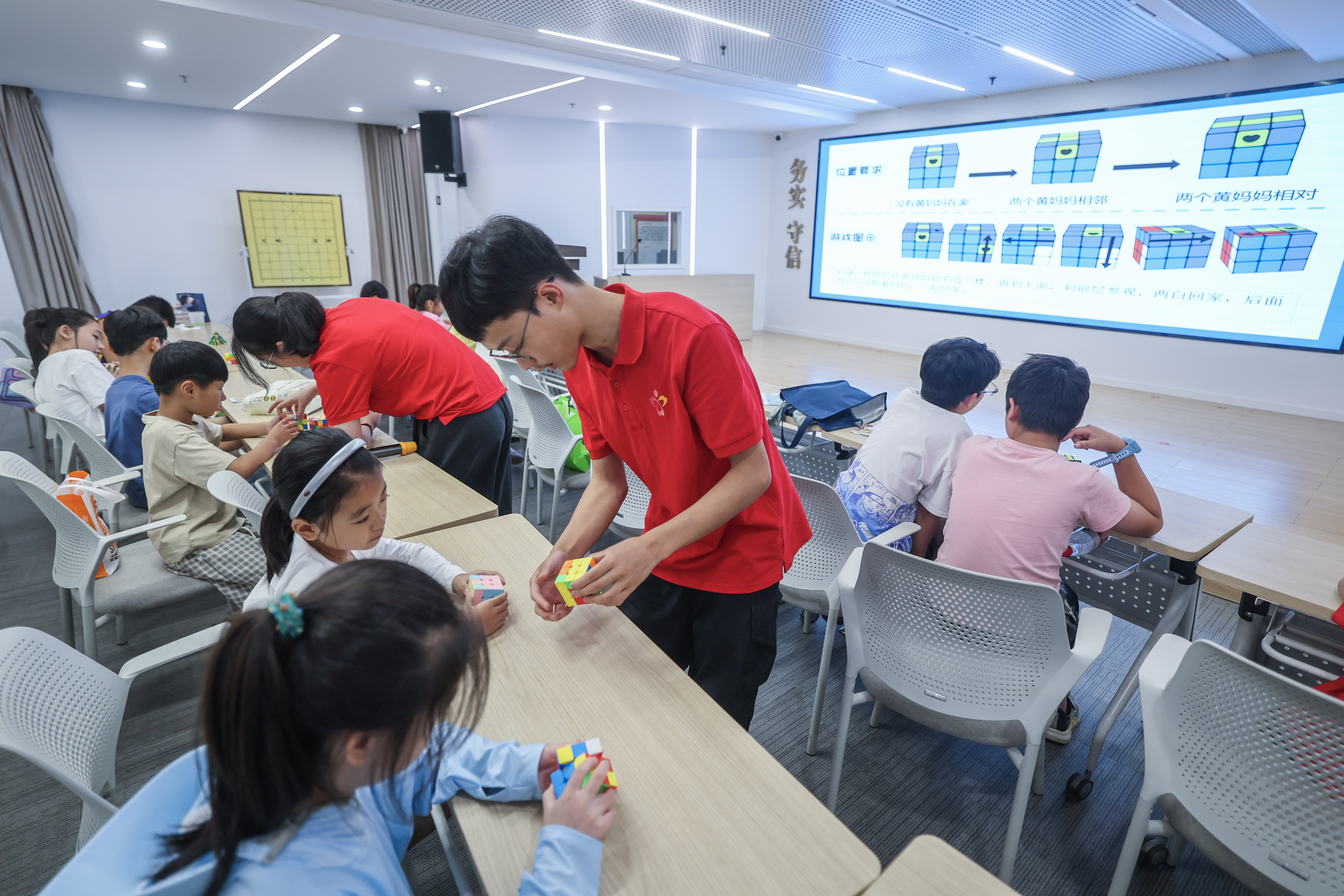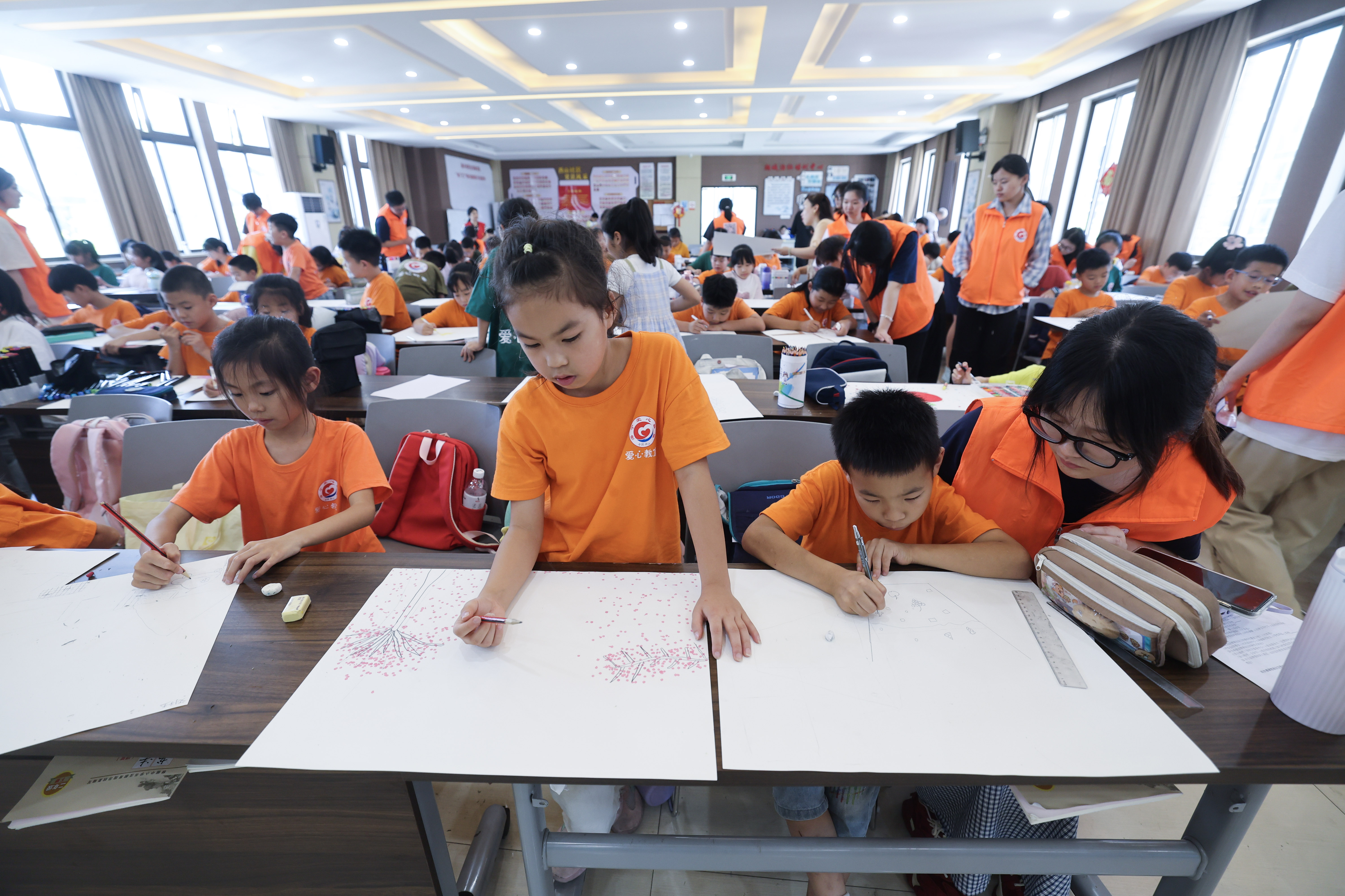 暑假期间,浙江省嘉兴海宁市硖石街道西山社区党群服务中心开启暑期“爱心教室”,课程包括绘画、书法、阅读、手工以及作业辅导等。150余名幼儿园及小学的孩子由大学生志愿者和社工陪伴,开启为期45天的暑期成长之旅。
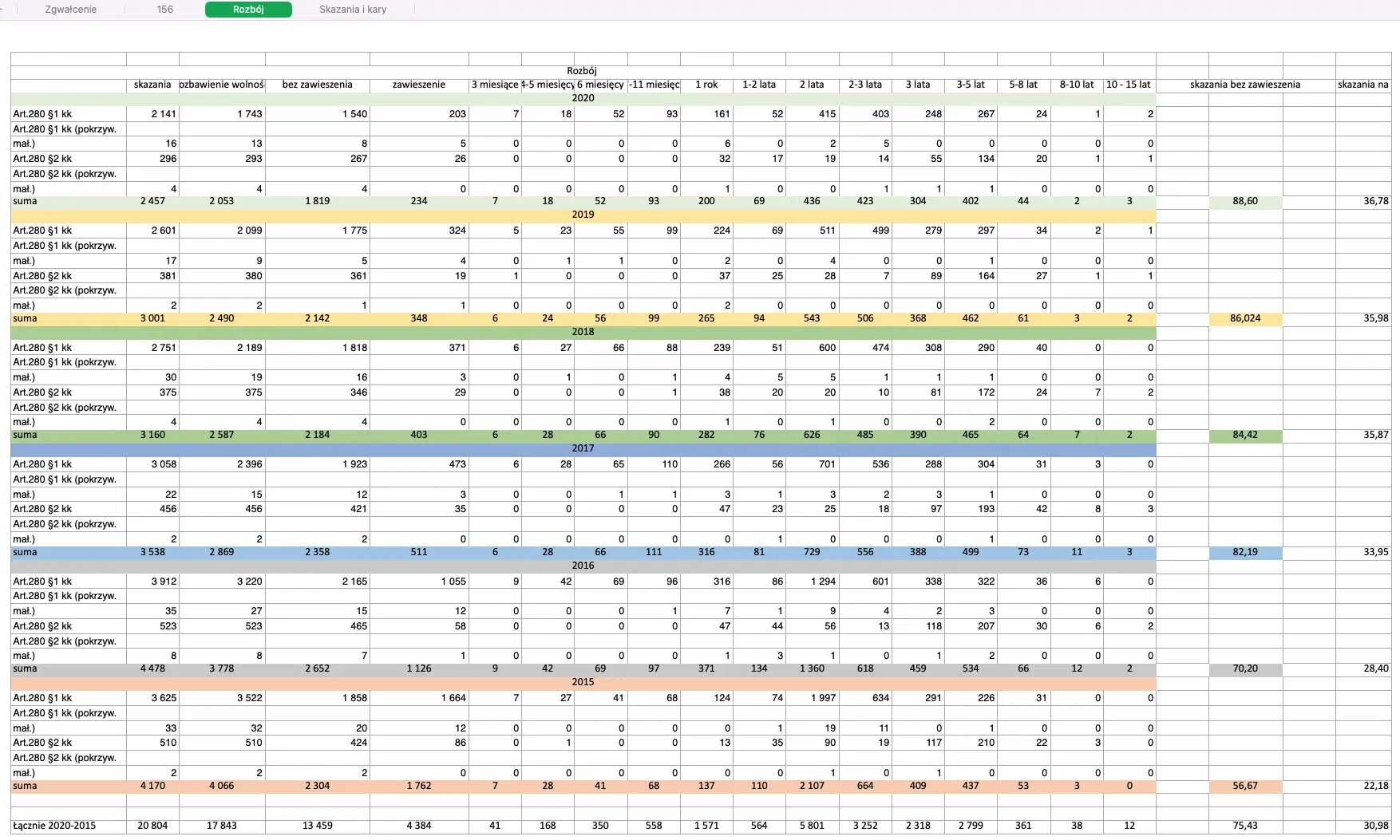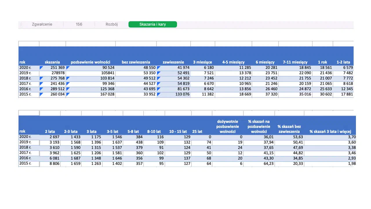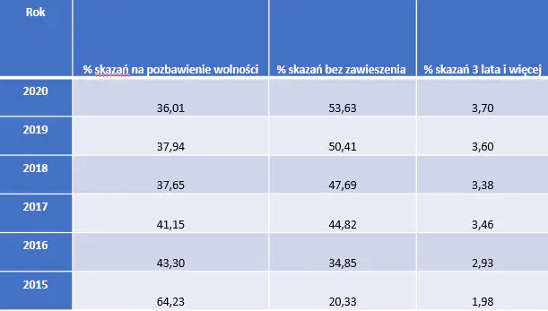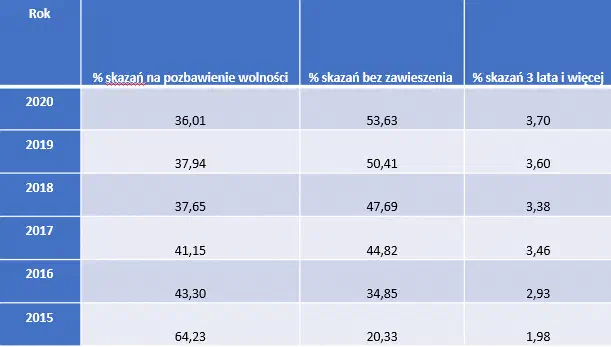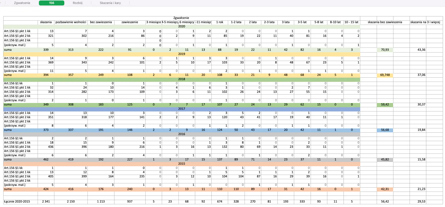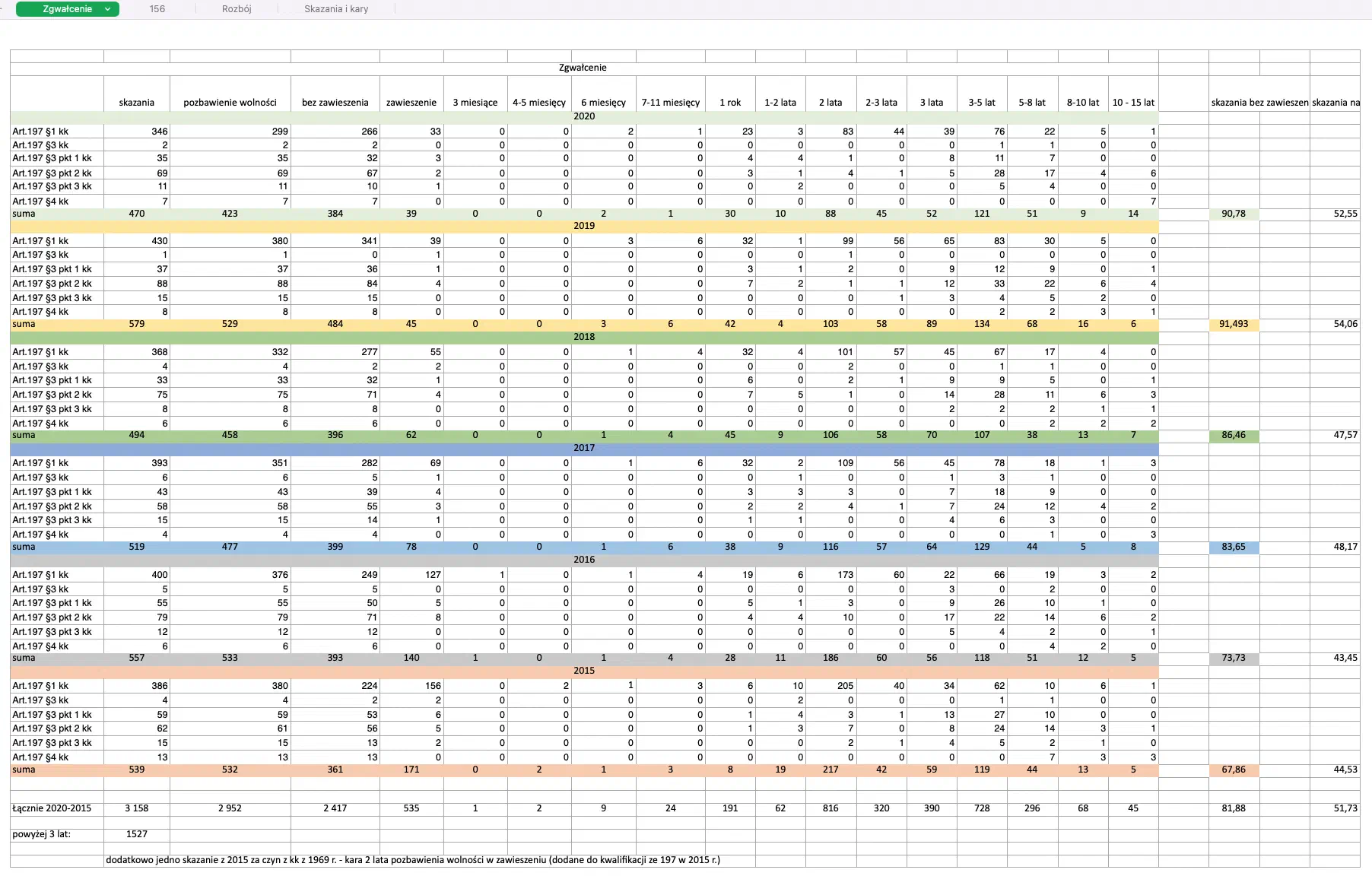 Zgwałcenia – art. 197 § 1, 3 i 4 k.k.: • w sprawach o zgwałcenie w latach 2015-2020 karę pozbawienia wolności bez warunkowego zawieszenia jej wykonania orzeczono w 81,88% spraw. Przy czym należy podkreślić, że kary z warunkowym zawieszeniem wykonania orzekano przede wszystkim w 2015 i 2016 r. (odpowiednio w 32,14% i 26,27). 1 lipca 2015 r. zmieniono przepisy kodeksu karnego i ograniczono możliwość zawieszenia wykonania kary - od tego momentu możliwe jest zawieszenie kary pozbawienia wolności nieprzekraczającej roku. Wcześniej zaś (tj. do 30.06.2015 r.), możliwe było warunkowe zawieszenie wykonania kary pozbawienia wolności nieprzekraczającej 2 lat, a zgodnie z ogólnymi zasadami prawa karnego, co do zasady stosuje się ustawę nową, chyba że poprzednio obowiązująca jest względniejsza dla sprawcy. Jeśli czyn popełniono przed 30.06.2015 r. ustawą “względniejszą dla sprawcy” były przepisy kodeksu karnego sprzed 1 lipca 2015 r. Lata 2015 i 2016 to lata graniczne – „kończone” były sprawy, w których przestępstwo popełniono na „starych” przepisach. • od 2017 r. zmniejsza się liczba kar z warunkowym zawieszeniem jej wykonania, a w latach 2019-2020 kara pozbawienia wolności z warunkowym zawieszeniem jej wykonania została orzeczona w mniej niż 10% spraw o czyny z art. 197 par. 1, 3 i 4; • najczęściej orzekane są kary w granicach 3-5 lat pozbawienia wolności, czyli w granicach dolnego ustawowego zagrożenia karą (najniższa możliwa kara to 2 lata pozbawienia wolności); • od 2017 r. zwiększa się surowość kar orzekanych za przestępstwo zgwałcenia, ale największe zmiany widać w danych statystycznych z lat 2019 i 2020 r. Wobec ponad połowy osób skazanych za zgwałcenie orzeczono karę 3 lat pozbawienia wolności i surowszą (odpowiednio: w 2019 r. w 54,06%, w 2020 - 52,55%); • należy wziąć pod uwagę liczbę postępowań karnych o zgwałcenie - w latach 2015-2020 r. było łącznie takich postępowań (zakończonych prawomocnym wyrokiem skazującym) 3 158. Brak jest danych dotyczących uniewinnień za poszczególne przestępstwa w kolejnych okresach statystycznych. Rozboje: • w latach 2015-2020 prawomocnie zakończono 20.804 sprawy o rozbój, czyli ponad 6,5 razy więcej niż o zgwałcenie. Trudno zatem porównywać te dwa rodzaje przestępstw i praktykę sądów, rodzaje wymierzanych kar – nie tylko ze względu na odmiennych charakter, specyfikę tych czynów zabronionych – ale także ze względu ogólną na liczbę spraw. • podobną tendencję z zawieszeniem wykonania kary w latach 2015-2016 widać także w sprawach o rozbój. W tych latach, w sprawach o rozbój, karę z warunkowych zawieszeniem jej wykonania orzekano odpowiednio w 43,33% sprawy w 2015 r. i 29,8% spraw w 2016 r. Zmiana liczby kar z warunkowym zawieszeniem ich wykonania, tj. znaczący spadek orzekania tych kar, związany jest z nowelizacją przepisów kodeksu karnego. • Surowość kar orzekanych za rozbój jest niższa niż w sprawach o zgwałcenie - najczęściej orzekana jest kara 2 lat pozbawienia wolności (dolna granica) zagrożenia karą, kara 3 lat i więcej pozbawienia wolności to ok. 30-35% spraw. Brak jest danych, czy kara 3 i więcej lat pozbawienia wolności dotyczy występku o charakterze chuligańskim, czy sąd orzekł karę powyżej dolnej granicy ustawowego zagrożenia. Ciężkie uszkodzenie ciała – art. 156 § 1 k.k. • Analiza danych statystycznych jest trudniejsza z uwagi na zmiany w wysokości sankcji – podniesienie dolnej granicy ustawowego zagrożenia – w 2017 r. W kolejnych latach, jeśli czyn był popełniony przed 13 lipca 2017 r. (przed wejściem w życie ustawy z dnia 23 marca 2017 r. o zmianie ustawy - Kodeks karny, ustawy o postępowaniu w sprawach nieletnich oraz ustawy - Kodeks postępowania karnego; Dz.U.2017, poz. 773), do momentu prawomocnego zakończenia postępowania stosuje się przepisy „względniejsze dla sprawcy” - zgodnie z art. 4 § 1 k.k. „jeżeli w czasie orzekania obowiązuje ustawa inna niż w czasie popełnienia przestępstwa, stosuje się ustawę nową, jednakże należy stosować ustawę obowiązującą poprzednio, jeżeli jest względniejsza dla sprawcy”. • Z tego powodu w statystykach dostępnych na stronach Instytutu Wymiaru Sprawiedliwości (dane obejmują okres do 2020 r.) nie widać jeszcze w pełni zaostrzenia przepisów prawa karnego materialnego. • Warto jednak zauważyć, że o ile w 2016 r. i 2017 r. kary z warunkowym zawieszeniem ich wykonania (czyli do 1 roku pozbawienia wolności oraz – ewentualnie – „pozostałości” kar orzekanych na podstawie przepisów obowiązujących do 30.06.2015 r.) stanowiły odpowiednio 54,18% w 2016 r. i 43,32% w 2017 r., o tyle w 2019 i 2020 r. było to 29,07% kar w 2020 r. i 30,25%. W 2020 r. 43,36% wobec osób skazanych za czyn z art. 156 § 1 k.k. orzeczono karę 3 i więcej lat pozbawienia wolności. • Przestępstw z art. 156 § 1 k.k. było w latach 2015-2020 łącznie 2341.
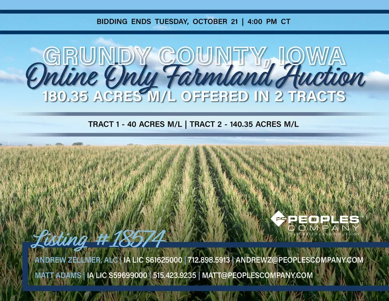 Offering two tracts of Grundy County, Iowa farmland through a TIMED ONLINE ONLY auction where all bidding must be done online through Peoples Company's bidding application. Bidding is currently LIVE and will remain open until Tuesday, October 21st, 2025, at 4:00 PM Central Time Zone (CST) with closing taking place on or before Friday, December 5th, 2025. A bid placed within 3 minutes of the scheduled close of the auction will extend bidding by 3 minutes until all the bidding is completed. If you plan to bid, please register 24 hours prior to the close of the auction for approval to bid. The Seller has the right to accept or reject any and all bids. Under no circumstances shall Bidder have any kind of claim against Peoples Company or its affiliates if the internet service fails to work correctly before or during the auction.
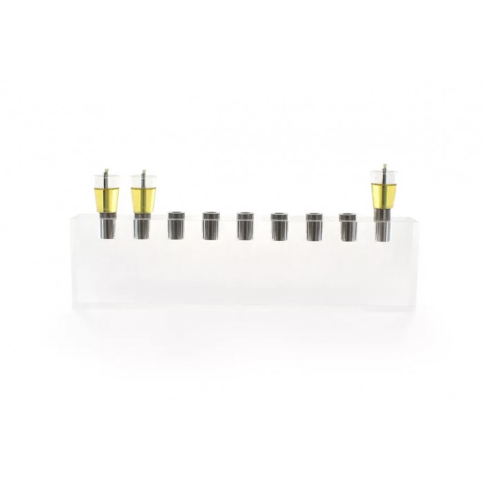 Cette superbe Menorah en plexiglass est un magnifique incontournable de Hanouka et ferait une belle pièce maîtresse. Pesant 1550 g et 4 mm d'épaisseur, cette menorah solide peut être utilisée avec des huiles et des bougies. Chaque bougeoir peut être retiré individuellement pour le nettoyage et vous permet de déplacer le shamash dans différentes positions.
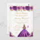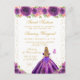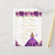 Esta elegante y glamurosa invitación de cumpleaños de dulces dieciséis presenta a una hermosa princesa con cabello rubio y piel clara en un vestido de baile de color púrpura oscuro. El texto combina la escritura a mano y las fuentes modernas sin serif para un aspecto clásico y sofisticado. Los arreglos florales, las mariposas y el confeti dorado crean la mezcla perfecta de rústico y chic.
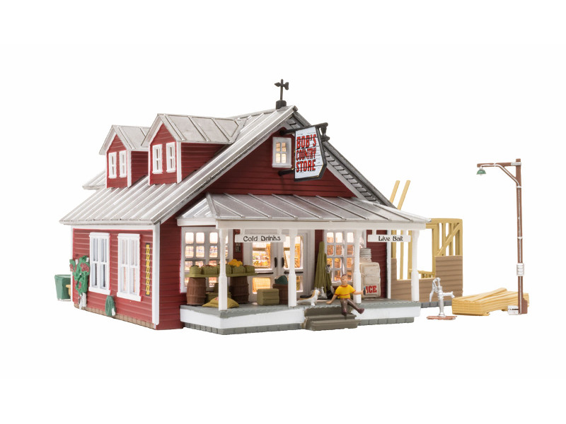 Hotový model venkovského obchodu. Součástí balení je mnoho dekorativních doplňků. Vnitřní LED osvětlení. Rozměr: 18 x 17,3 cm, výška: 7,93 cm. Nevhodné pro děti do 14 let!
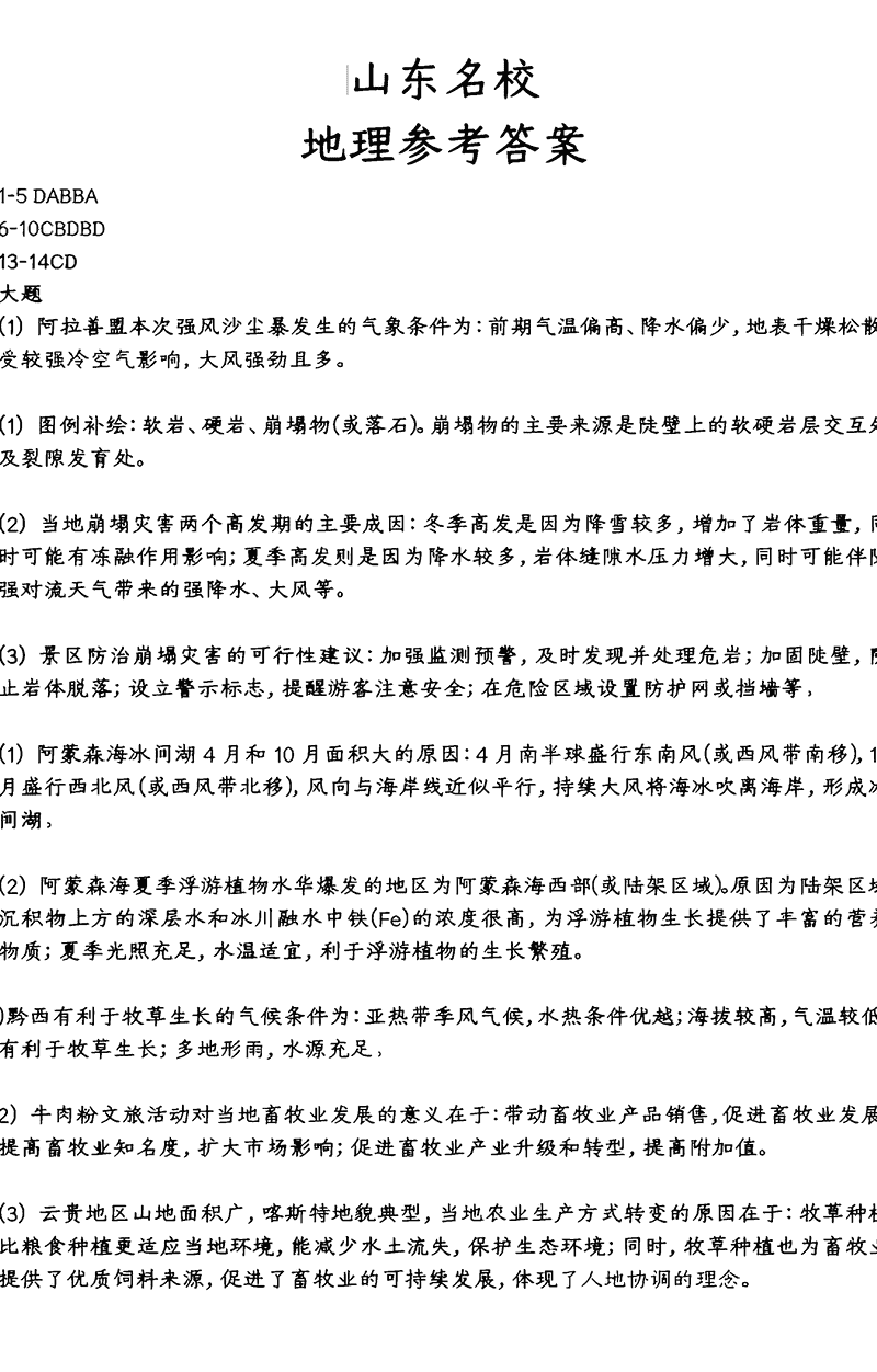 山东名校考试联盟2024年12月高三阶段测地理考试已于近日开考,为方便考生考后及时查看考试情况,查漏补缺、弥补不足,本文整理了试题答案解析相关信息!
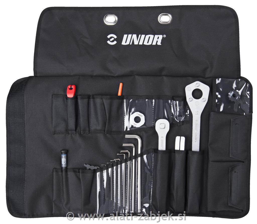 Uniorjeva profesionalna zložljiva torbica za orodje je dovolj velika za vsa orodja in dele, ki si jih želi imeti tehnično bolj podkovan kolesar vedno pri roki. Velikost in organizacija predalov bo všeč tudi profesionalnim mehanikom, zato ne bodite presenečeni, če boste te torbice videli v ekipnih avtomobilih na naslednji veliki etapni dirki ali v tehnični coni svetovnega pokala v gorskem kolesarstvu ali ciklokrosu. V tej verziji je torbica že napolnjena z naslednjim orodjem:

·····

With the pictures left out, transcribe exactly the lines from the line holding "山东名校考试联盟2024年1" through the closing line of the entries.

_Task response_
 山东名校考试联盟2024年12月高三阶段测地理考试已于近日开考,为方便考生考后及时查看考试情况,查漏补缺、弥补不足,本文整理了试题答案解析相关信息!
 Uniorjeva profesionalna zložljiva torbica za orodje je dovolj velika za vsa orodja in dele, ki si jih želi imeti tehnično bolj podkovan kolesar vedno pri roki. Velikost in organizacija predalov bo všeč tudi profesionalnim mehanikom, zato ne bodite presenečeni, če boste te torbice videli v ekipnih avtomobilih na naslednji veliki etapni dirki ali v tehnični coni svetovnega pokala v gorskem kolesarstvu ali ciklokrosu. V tej verziji je torbica že napolnjena z naslednjim orodjem:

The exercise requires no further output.